═════ INFORMATION
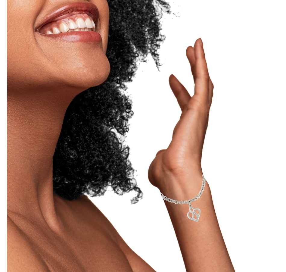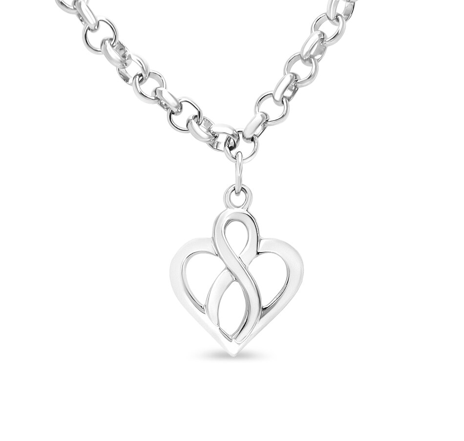 This fine .925 sterling silver pendant bracelet holds a meaningful message within its openwork silhouette. Graceful, sweeping lines of sterling silver first form an open heart shape, and center there is an infinity symbol which represent timelessness in a never ending cycle. This bracelet fastens securely with a spring ring clasp. It is 7 inches long, best for small and medium sized wrists.
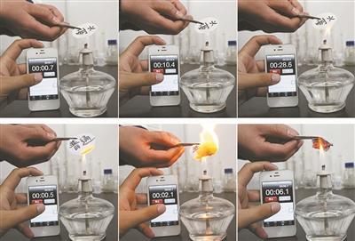 图为科研人员在实验室内对比展示“耐火纸”的特性,“耐火纸”在酒精灯的火苗上滞留近30秒没有发生自燃(左图);而普通纸张顷刻间被酒精灯点燃,从完好状态到化为灰烬仅用时6秒左右(右图)。
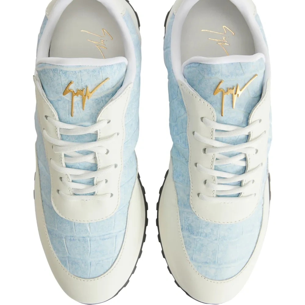 Голубой, цвет слоновой кости, кожа, тиснение под кожу крокодила, вставки, золотистый металлический логотип, металлический логотип на язычке, закругленный носок, шнуровка спереди, задник с логотипом, стелька с логотипом и рифленая резиновая подошва.
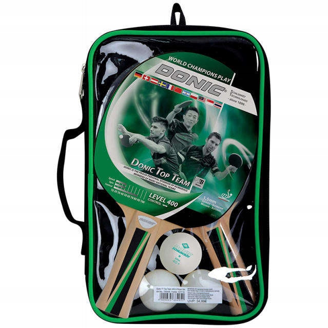 Zestaw do ping ponga marki Donic. Zestaw zawiera dwie rakietki z wklęsłymi rączkami, które są przeznaczone dla początkujących graczy. Trzy piłeczki treningowe w zestawie. Całość można zapakować w pokrowiec zapinany na zamek błyskawiczny.
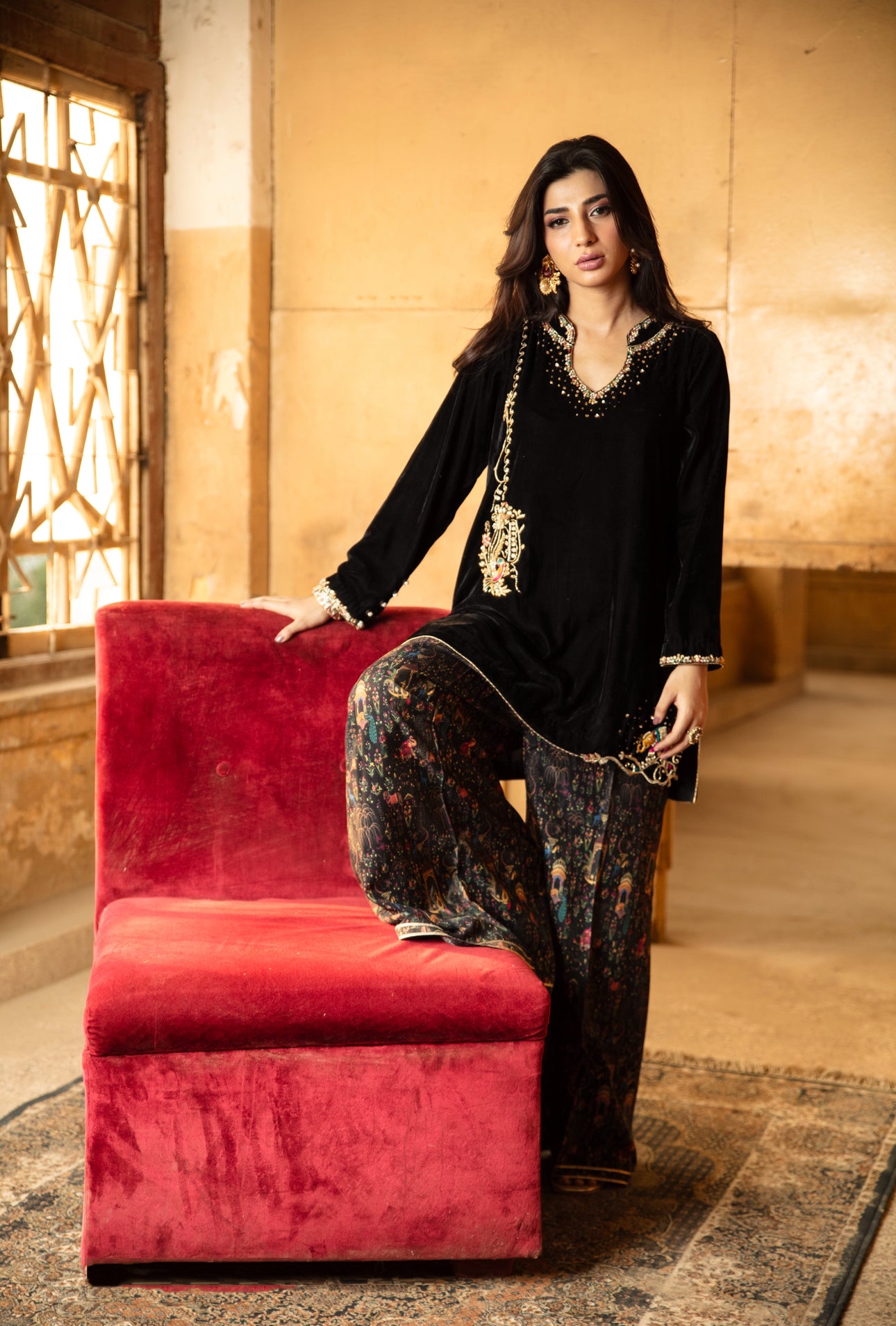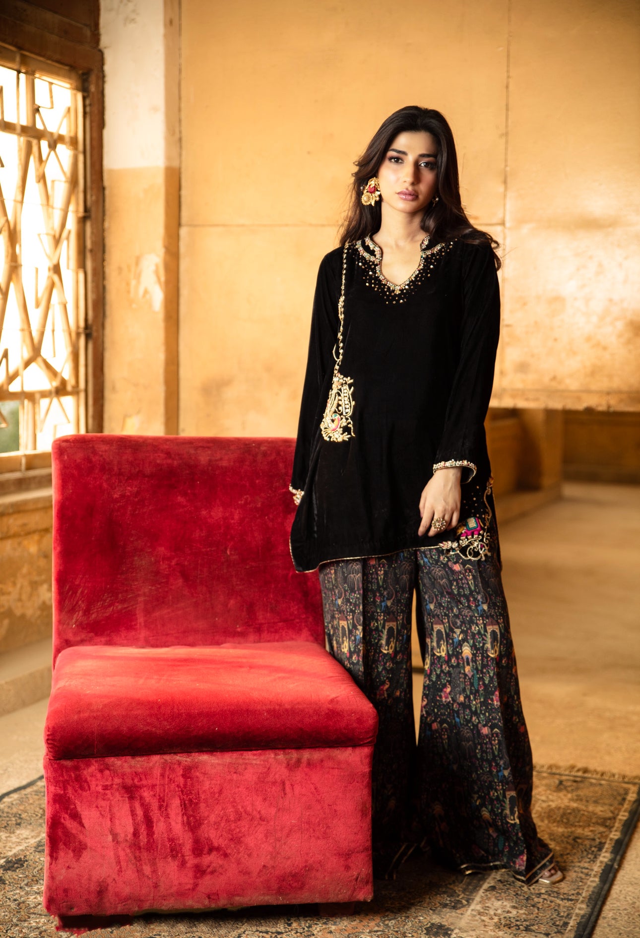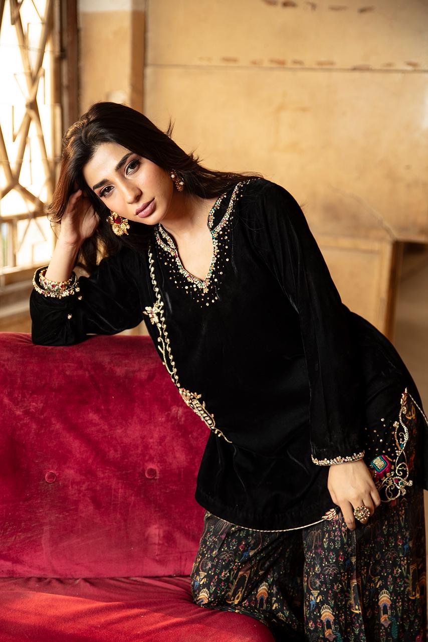 This black velvet ensemble features delicate zardoze handwork
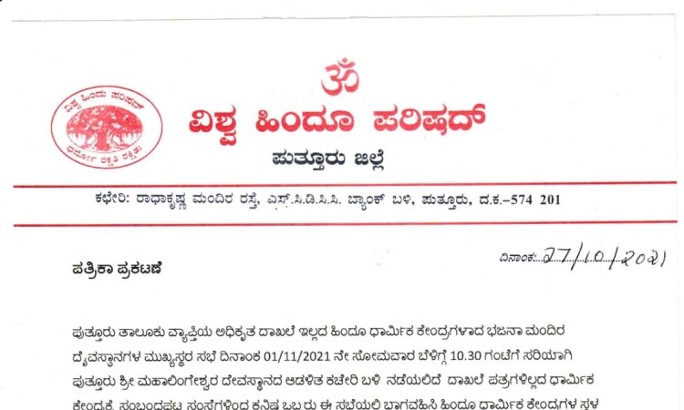 ದಾಖಲೆ ಪತ್ರಗಳಿಲ್ಲದ ಧಾರ್ಮಿಕ ಕೇಂದ್ರಕ್ಕೆ ಸಂಬಂಧಪಟ್ಟ ಸಂಸ್ಥೆಗಳಿಂದ ಕನಿಷ್ಠ ಒಬ್ಬರು ಈ ಸಭೆಯಲ್ಲಿ ಭಾಗವಹಿಸುವಂತೆ ವಿಶ್ವ ಹಿಂದೂ ಪರಿಷತ್ ಪುತ್ತೂರು ಜಿಲ್ಲಾ ಕಾರ್ಯದರ್ಶಿ ಸತೀಶ್ ಬಿ ಎಸ್ ಹಾಗೂ ಜಿಲ್ಲಾ ಧಾರ್ಮಿಕ ಪರಿಷತ್ ಸದಸ್ಯರು, ಬಜರಂಗದಳ ಪ್ರಾಂತ ಸಹ ಸಂಚಾಲಕರು ಆದ ಮುರಳಿಕೃಷ್ಣ ಹಸಂತಡ್ಕ ಮನವಿ ಮಾಡಿದ್ದಾರೆ.
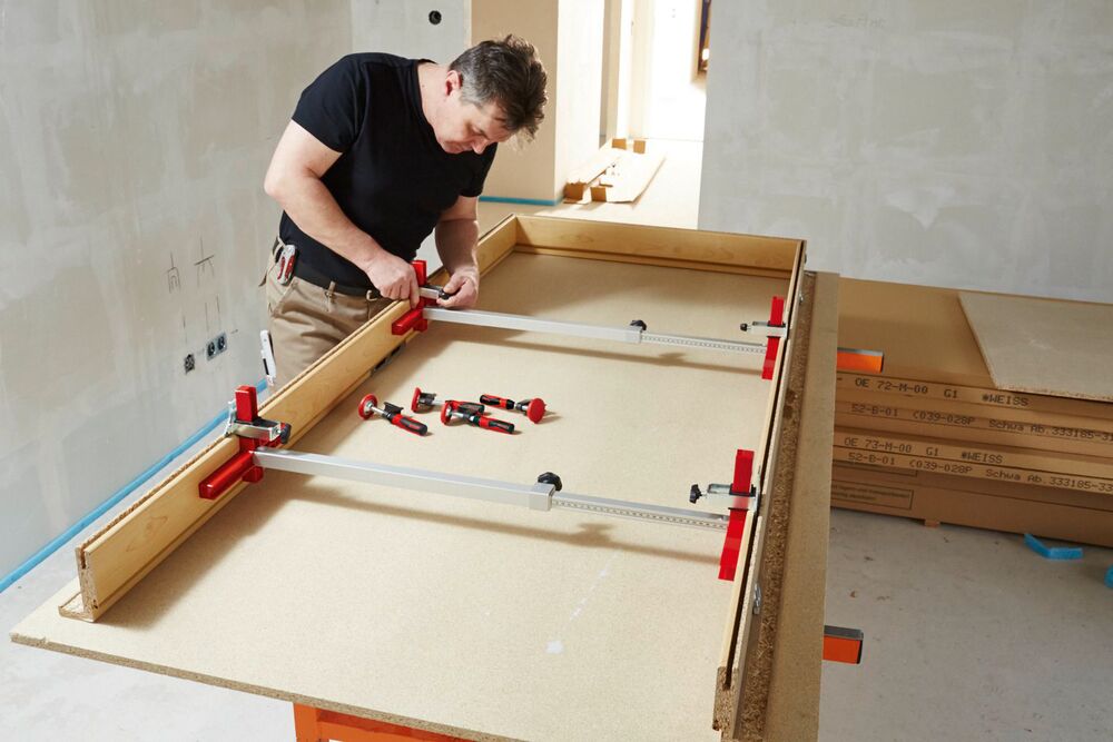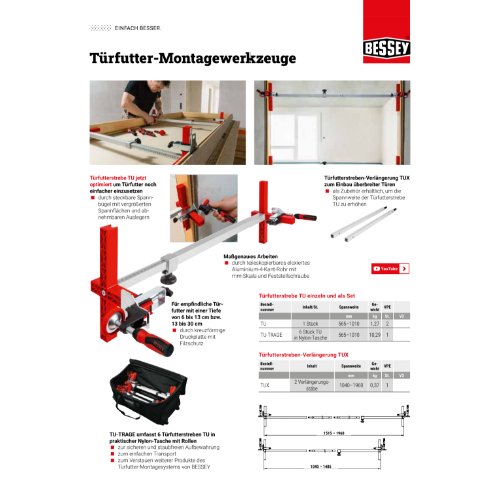 Die moderne Technik der Türfutter- und Fenstermontage mittels Montageschaum erfordert Spezialwerkzeuge, die ein exaktes Ausrichten und Abstützen ermöglichen. BESSEY bietet für diesen Einsatzzweck optimierte Hilfsmittel und ein perfekt aufeinander abgestimmtes Montagesystem. So ermöglicht beispielsweise die Türfutterstebe TU in Kombination mit der Verlängerung TUX auch den Einbau überbreiter Türen, wie es barrierefreies Bauen erfordert. Im Mauerdurchbruch fixierte Futter können mit Hilfe der Türfutter-Richtzwinge TFM schonend verschoben werden – das Verdrücken der Zierfutternut oder das Beschädigen fertig tapezierter Wände wird vermieden. Darüber hinaus können Türfutter mit der Winkel-Türfutter-Richtzwinge WTR horizontal und vertikal exakt im 90° Winkel gehalten und ausgerichtet werden.
══════════
#### ASSIGNMENT
Reproduce the whole of the data, word for word, and omit its pictures.

#### TASK ANSWER
 This fine .925 sterling silver pendant bracelet holds a meaningful message within its openwork silhouette. Graceful, sweeping lines of sterling silver first form an open heart shape, and center there is an infinity symbol which represent timelessness in a never ending cycle. This bracelet fastens securely with a spring ring clasp. It is 7 inches long, best for small and medium sized wrists.
 图为科研人员在实验室内对比展示“耐火纸”的特性,“耐火纸”在酒精灯的火苗上滞留近30秒没有发生自燃(左图);而普通纸张顷刻间被酒精灯点燃,从完好状态到化为灰烬仅用时6秒左右(右图)。
 Голубой, цвет слоновой кости, кожа, тиснение под кожу крокодила, вставки, золотистый металлический логотип, металлический логотип на язычке, закругленный носок, шнуровка спереди, задник с логотипом, стелька с логотипом и рифленая резиновая подошва.
 Zestaw do ping ponga marki Donic. Zestaw zawiera dwie rakietki z wklęsłymi rączkami, które są przeznaczone dla początkujących graczy. Trzy piłeczki treningowe w zestawie. Całość można zapakować w pokrowiec zapinany na zamek błyskawiczny.
 This black velvet ensemble features delicate zardoze handwork
 ದಾಖಲೆ ಪತ್ರಗಳಿಲ್ಲದ ಧಾರ್ಮಿಕ ಕೇಂದ್ರಕ್ಕೆ ಸಂಬಂಧಪಟ್ಟ ಸಂಸ್ಥೆಗಳಿಂದ ಕನಿಷ್ಠ ಒಬ್ಬರು ಈ ಸಭೆಯಲ್ಲಿ ಭಾಗವಹಿಸುವಂತೆ ವಿಶ್ವ ಹಿಂದೂ ಪರಿಷತ್ ಪುತ್ತೂರು ಜಿಲ್ಲಾ ಕಾರ್ಯದರ್ಶಿ ಸತೀಶ್ ಬಿ ಎಸ್ ಹಾಗೂ ಜಿಲ್ಲಾ ಧಾರ್ಮಿಕ ಪರಿಷತ್ ಸದಸ್ಯರು, ಬಜರಂಗದಳ ಪ್ರಾಂತ ಸಹ ಸಂಚಾಲಕರು ಆದ ಮುರಳಿಕೃಷ್ಣ ಹಸಂತಡ್ಕ ಮನವಿ ಮಾಡಿದ್ದಾರೆ.
 Die moderne Technik der Türfutter- und Fenstermontage mittels Montageschaum erfordert Spezialwerkzeuge, die ein exaktes Ausrichten und Abstützen ermöglichen. BESSEY bietet für diesen Einsatzzweck optimierte Hilfsmittel und ein perfekt aufeinander abgestimmtes Montagesystem. So ermöglicht beispielsweise die Türfutterstebe TU in Kombination mit der Verlängerung TUX auch den Einbau überbreiter Türen, wie es barrierefreies Bauen erfordert. Im Mauerdurchbruch fixierte Futter können mit Hilfe der Türfutter-Richtzwinge TFM schonend verschoben werden – das Verdrücken der Zierfutternut oder das Beschädigen fertig tapezierter Wände wird vermieden. Darüber hinaus können Türfutter mit der Winkel-Türfutter-Richtzwinge WTR horizontal und vertikal exakt im 90° Winkel gehalten und ausgerichtet werden.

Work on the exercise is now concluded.